If we exclusively focus on healing our own emotional issues, it’s an endless process. There is always more.
That’s why I like to give equal, and sometimes more, attention to how I relate to my issues and the sensations, thoughts, or whatever is here.
How I relate to what’s here is, in a sense, one. And what I relate to is innumerable. So it makes sense to focus more on the former without ignoring the latter.
What type of shift am I referring to?
For me, the shift is from seeing what’s here as a problem or an enemy to befriending it. And befriending it has many sides, including the ones I mention below.
How can we invite in this shift?
I have found heart-centered practices very helpful.
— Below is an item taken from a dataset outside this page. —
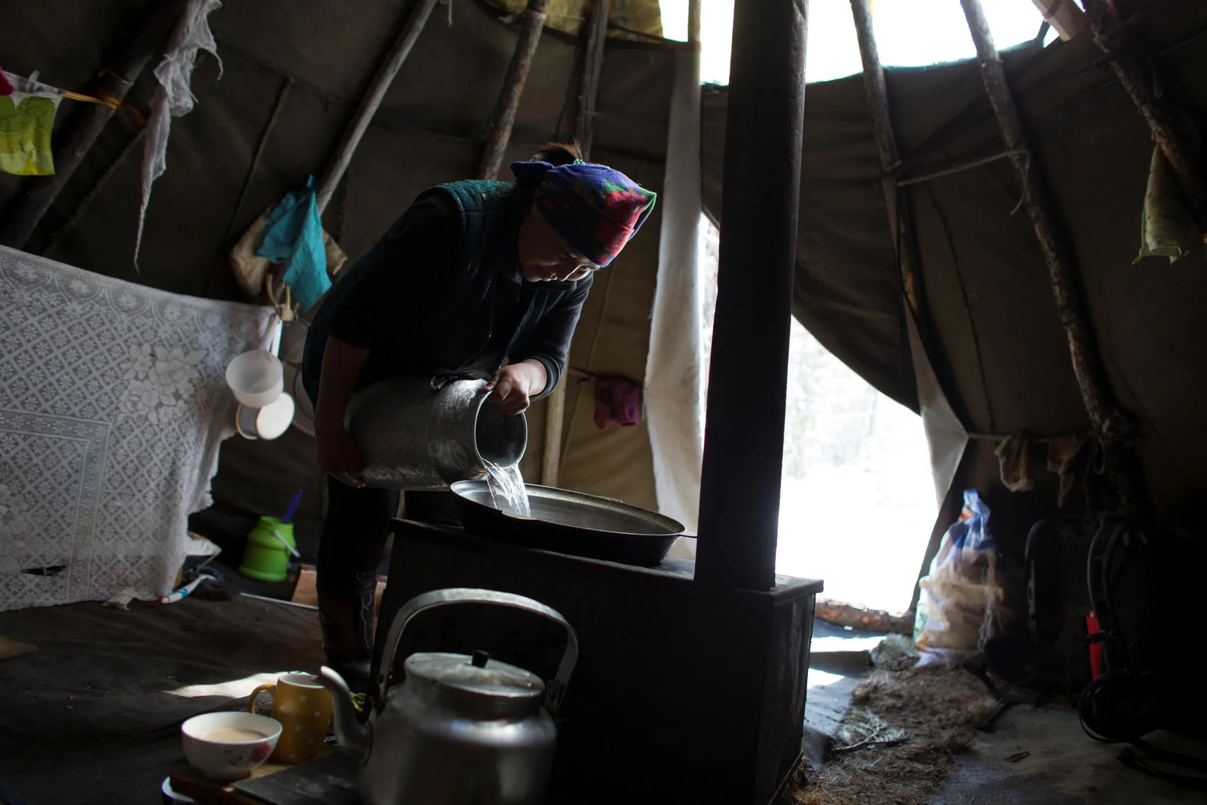 Baigalmaa Munkhbat prepares food for her nomad family in their tent near the village of Tsagaannuur, Khovsgol aimag, Mongolia, April 19, 2018. (Photo by Thomas Peter/Reuters)

For instance, doing tonglen for whatever I subtly or not-so-subtly see as a problem – whether it’s a person, situation, myself, a part of me, or an experience. I can also use ho’oponopono or metta here.
It also helps to identify beliefs behind any slight enemy-image and explore these, for instance through The Work or Living Inquiries.
I can dialog with what’s coming up. Ask it questions. Listen to what it has to say to me. Get to know it. Perhaps understand it a little better. Find a new partnership with it. If it’s an emotional issue, I can see how it’s here to protect me and it’s coming from (slightly misguided) love and is an expression of love.
I can identify any emotional issues in me behind and fueling enemy-images, and explore and invite in healing for these issues. For instance, through inquiry, heart-centered practices, dialog, energy healing, or more.
I can find myself as capacity for the world as it appears to me, and whatever I see as a (subtle) problem, and see it’s all happening within and as what I am. It’s not inherently “other” and cannot be.